President Barack Obama and British Prime Minister David Cameron talk at the start of the plenary session at the G20 Summit in Brisbane, Australia, on November 15, 2014.

President Barack Obama and British Prime Minister David Cameron talk at the start of the plenary session at the G20 Summit in Brisbane, Australia, on November 15, 2014. Kevin Lamarque/AP

US, Britain Mull Cross-Border Cyber Defense

The two countries will consider responses to situations where one attack involves multiple countries inadvertently hosting malicious hacking. By Aliya Sternstein

President Barack Obama and British Prime Minister David Cameron are meeting this week in Washington to discuss the two nations' response to the growing threat of cyberattacks.

The two leaders are expected to discuss, in particular, the problem of adversaries hijacking computers in Britain to unleash cyber assaults on America, and vice versa, according to a security firm involved in the talks. 

In a realm without physical boundaries, it’s all too easy for hackers to hop around and fake out authorities.

A recent case in point: Computers engaged in the Sony hack allegedly operated out of New York, Thailand, Poland, Italy, Bolivia, Singapore and Cyprus, according toThe Associated Press. The attackers -- who the FBI claims are North Korean -- also published some company files using an anonymous email service in France.

"These attacks cross country borders," said Nicole Eagan, head of U.K.-based firm Darktrace, who will brief Cameron in Washington, D.C., before he heads into the Oval Office on Friday. The defense tactic "really has to be more governments and companies working together because of the nature of these truly global threats."

Darktrace, with a staff roster comprising former National Security Agency, GCHQ and MI5 analysts, uses technology that combines probability and artificial intelligence to predict the next moves of attackers.

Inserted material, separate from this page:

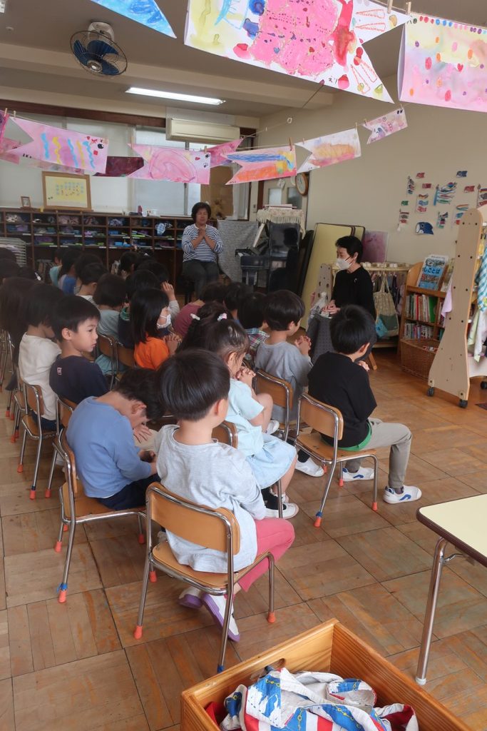 年長組と年中組はイースター礼拝を守り、園長よりイースターのお話を聴きました。

The system, borne out the University of Cambridge, basically detects hacks before they've happened.

This capability can be helpful in pinpointing the assailant’s potential attack route and end target.

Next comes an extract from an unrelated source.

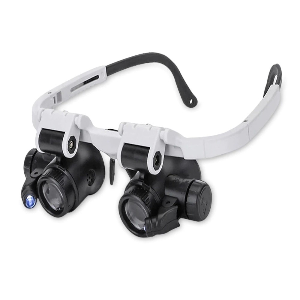 This head-mounted magnifier is a compact portable magnifier offering three levels of magnification. As it is secured in a glasses frame, your hands will be free, allowing you to carry out any work with small objects. For added convenience, there are two bright light sources on either side of the lens. The head-mounted magnifier is suitable for repairing various small items, watches and mobile phones.

"Let's say you have an adversary that is coming out of the Middle East. They are probably going to utilize infrastructure that partly is based in an Amazon cloud in Europe, maybe then utilize some hop points for command and control that are in the U.S.,” said Jasper Graham, a veteran NSA technical director and now a senior vice president at Darktrace, giving an example of a possible threat vector. "The victim might be the U.S., but they are going to utilize a whole bunch of international infrastructure in order to execute their attacks."  

Obama and Cameron are scheduled to discuss a variety other topics over dinner Thursday, followed by a White House meeting Friday, administration officials said in a statement. They declined to comment further.   

Sticky Subject of Encryption

Another reason the two countries want to align cyber policies is so they can close regulatory loopholes. Lax security rules in one nation can aid an adversary mired by tougher rules in a target country, Jasper explained. 

The men likely will discuss ways of cooperating in situations where “you have one attack but you have multiple countries involved with the hosting” of the malicious activity, he said.

“How do we quickly exchange the [threat] indicators amongst the government agencies so that they can track down those responsible in a timely manner?” Jasper said.

A common hacker practice is to breach a small mom-and-pop shop in one portion of the world and use that store’s compromised system "as a staging point to attack something much bigger in another part of the world," Jasper said. "It becomes really hard for them to trace back who is responsible."

The conversation between the two Western leaders will cap a week of White House activity related to cyberspace. Obama proposed legislation that would, among other things, require companies to notify data breach victims within 30 days and to share metadata from customer and business communications that could signal a cyber threat. The legislative agenda is the administration's response to a year of high-profile intrusions at Target, JPMorgan, Sony and other companies. And the strategy is expected to be a focus of next week's State of the Union address. 

But there is tension between civil liberties advocates and the two countries with a "special relationship" over the matter of allowing government eyes into people's private correspondence. To guard against what critics see as surveillance overreach, some citizens now are "encrypting" their communications with secret codes that render them interception-proof. 

In response, the FBI and now Cameron are urging technology companies to build "backdoors" in apps and mobile devices through which law enforcement officials can enter to retrieve data. 

The prime minister reportedly pledged to ban the likes of Facebook’s WhatsApp, Apple's iPhone and other encryption tools, as a means of collecting more intelligence on suspected terrorists following the Paris shootings.  

FBI Director James Comey last fall said: "If the challenges of real-time data interception threaten to leave us in the dark, encryption threatens to lead us all to a very, very dark place. I am a huge believer in the rule of law, but I also believe that no one in this country should be beyond the law. There should be no law-free zones in this country."

The American Civil Liberties Union maintains that encryption does not have to interfere with catching terrorists or cyber crooks. 

The nation should concentrate on “encouraging companies to adopt basic security best practices, like two-factor authentication and encryption, to prevent hacks. This would be more effective, and less invasive, than expanding surveillance authorities or creating exemptions to existing privacy law," ACLU legislative counsel Gabe Rottman said Tuesday in a blog post.